→ **AVAILABLE DATA**:

- - - - -

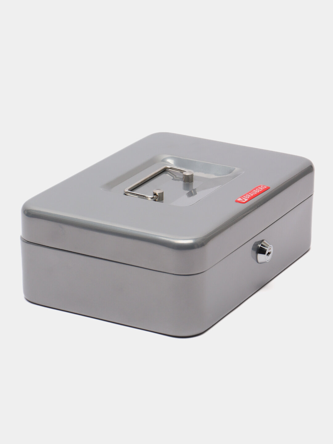 Ящик для денег BRAUBERG , ценностей, документов, печатей, 90х180х250 мм, ключевой замок, серебристый, , 291059
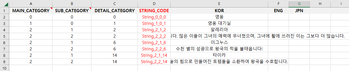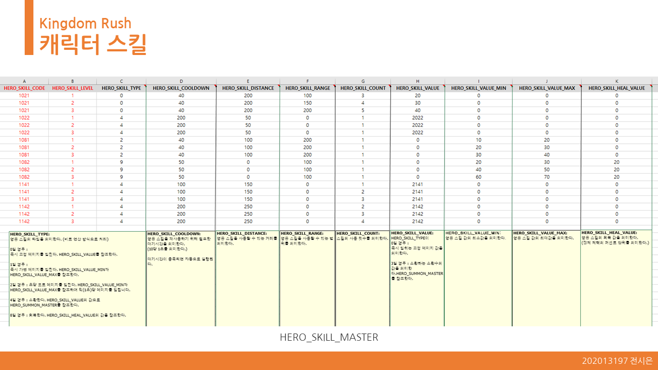 - 킹덤러쉬에서 사용될 신규 영웅을 기획하고 만들기 위해 필요한 데이터 구조화 하기
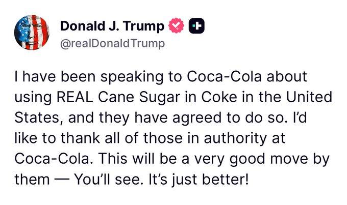트럼프의 게시물은 수백만 뷰를 빠르게 모았으며, 내용은 다음과 같다: "나는 코카콜라와 미국에서 코크에 진짜 사탕수수 설탕을 사용하는 것에 대해 이야기해 왔고, 그들은 그렇게 하기로 합의했다. 코카콜라의 모든 권위자들에게 감사드린다. 이는 그들에게 매우 좋은 움직임이 될 것이다 — 당신이 보게 될 것이다. 그냥 더 나아!" 다이어트 코크 애호가로 알려진 트럼프 대통령은 HFCS에 대한 비판자이기도 하며, 사탕수수 설탕이 우수한 맛을 제공한다고 강조하며 이 가정된 변화를 미국 소비자들의 승리로 위치지었다.

- - - - -

Drop the images and return the data verbatim.

 Ящик для денег BRAUBERG , ценностей, документов, печатей, 90х180х250 мм, ключевой замок, серебристый, , 291059
 - 킹덤러쉬에서 사용될 신규 영웅을 기획하고 만들기 위해 필요한 데이터 구조화 하기
트럼프의 게시물은 수백만 뷰를 빠르게 모았으며, 내용은 다음과 같다: "나는 코카콜라와 미국에서 코크에 진짜 사탕수수 설탕을 사용하는 것에 대해 이야기해 왔고, 그들은 그렇게 하기로 합의했다. 코카콜라의 모든 권위자들에게 감사드린다. 이는 그들에게 매우 좋은 움직임이 될 것이다 — 당신이 보게 될 것이다. 그냥 더 나아!" 다이어트 코크 애호가로 알려진 트럼프 대통령은 HFCS에 대한 비판자이기도 하며, 사탕수수 설탕이 우수한 맛을 제공한다고 강조하며 이 가정된 변화를 미국 소비자들의 승리로 위치지었다.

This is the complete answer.